Leaving every picture out, please return exactly the lines from the top of the material below through the line with "Dik yakalı, çift", both included.

[SUPPLIED DATA]
──────────
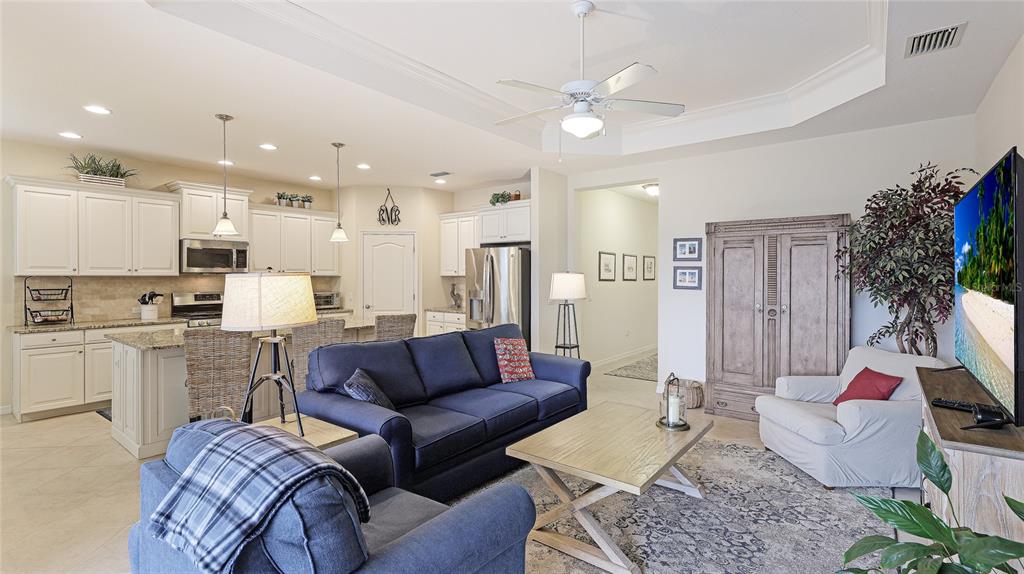Split Bedroom Walk-In Closet(s)Ceiling Fan(s) Eating Space In Kitchen High Ceilings Stone Counters Thermostat Open Floorplan Window TreatmentsCrown Molding Kitchen/Family Room Combo Tray Ceiling(s)Exterior Features:
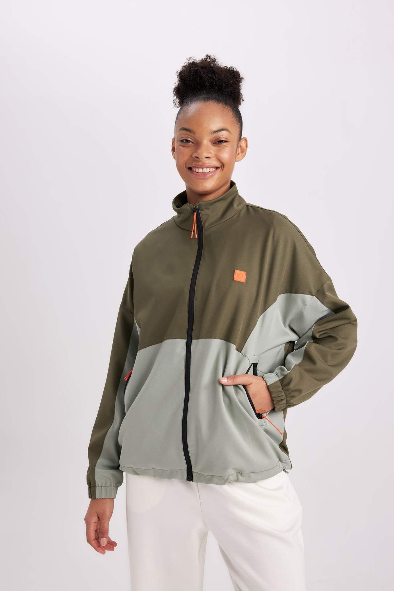 Dik yakalı, çift renkli ve fermuar kapamalı spor modeli ile serin havaların spor kombininin en önemli parçası ile fit bir görünüm sağlayan, form duruşu ile tarzınızın tamamlayıcı parçası olacak DeFactoFit Su İtici Regular Fit Ceket Mont.
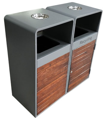 鋼木分類果皮箱桶頂嵌入煙灰盅,加入小石子可做戶外廣場等公共區域滅煙裝置及煙蒂收集使用,能減少環衛工清掃強度,圓弧邊角避免防撞,深灰色搭配鋼木顏色美觀大氣!
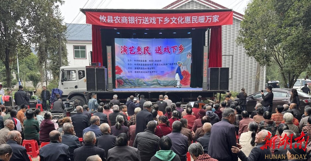 近午时分,村部广场早已挤满人,锣鼓声一敲,热闹便漫了全村。为贺重阳,村里请来攸县花鼓戏剧团,《福寿图》的唱腔一起,便勾住了老人们的心。戏台上,演员们水袖轻扬,将忠孝故事演得活灵活现;戏台下,老人们坐在前排,眯着眼跟着打节拍,脸上的笑像孩童般纯粹。七十八岁的李大爷抹了抹眼角:“好些年没听这么地道的花鼓戏了,今天比过年还高兴!”
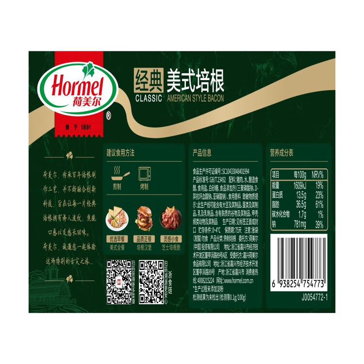 荷美尔(Hormel)经典美式特级培根150g /袋x2 冷藏食品 早餐火锅烧烤披萨食材
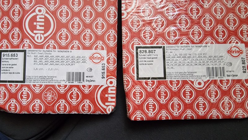 Oryginalne uszczelki firmy ERLING. Fabrycznie zapakowane. Głowica 828.807 i pokrywa 915.653 Do wielu modeli Audi, VW, Skody i Seata od 1.6 do 2.0 litrów.
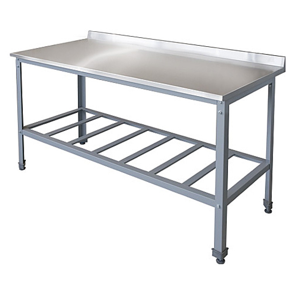 Стол пристенный ITERMA СБ 131 Э 1-606 Ш430 с полкой-решеткой и плоским бортом. Сталь AISI 430.
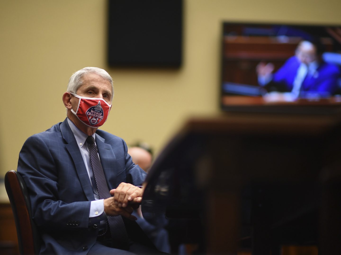 Dr. Anthony Fauci, director of the National Institute for Allergy and Infectious Diseases, listens during a House Subcommittee on the Coronavirus crisis hearing, Friday, July 31, 2020 on Capitol Hill in Washington.
──────────
[COMPLETED TASK]
Split Bedroom Walk-In Closet(s)Ceiling Fan(s) Eating Space In Kitchen High Ceilings Stone Counters Thermostat Open Floorplan Window TreatmentsCrown Molding Kitchen/Family Room Combo Tray Ceiling(s)Exterior Features:
 Dik yakalı, çift renkli ve fermuar kapamalı spor modeli ile serin havaların spor kombininin en önemli parçası ile fit bir görünüm sağlayan, form duruşu ile tarzınızın tamamlayıcı parçası olacak DeFactoFit Su İtici Regular Fit Ceket Mont.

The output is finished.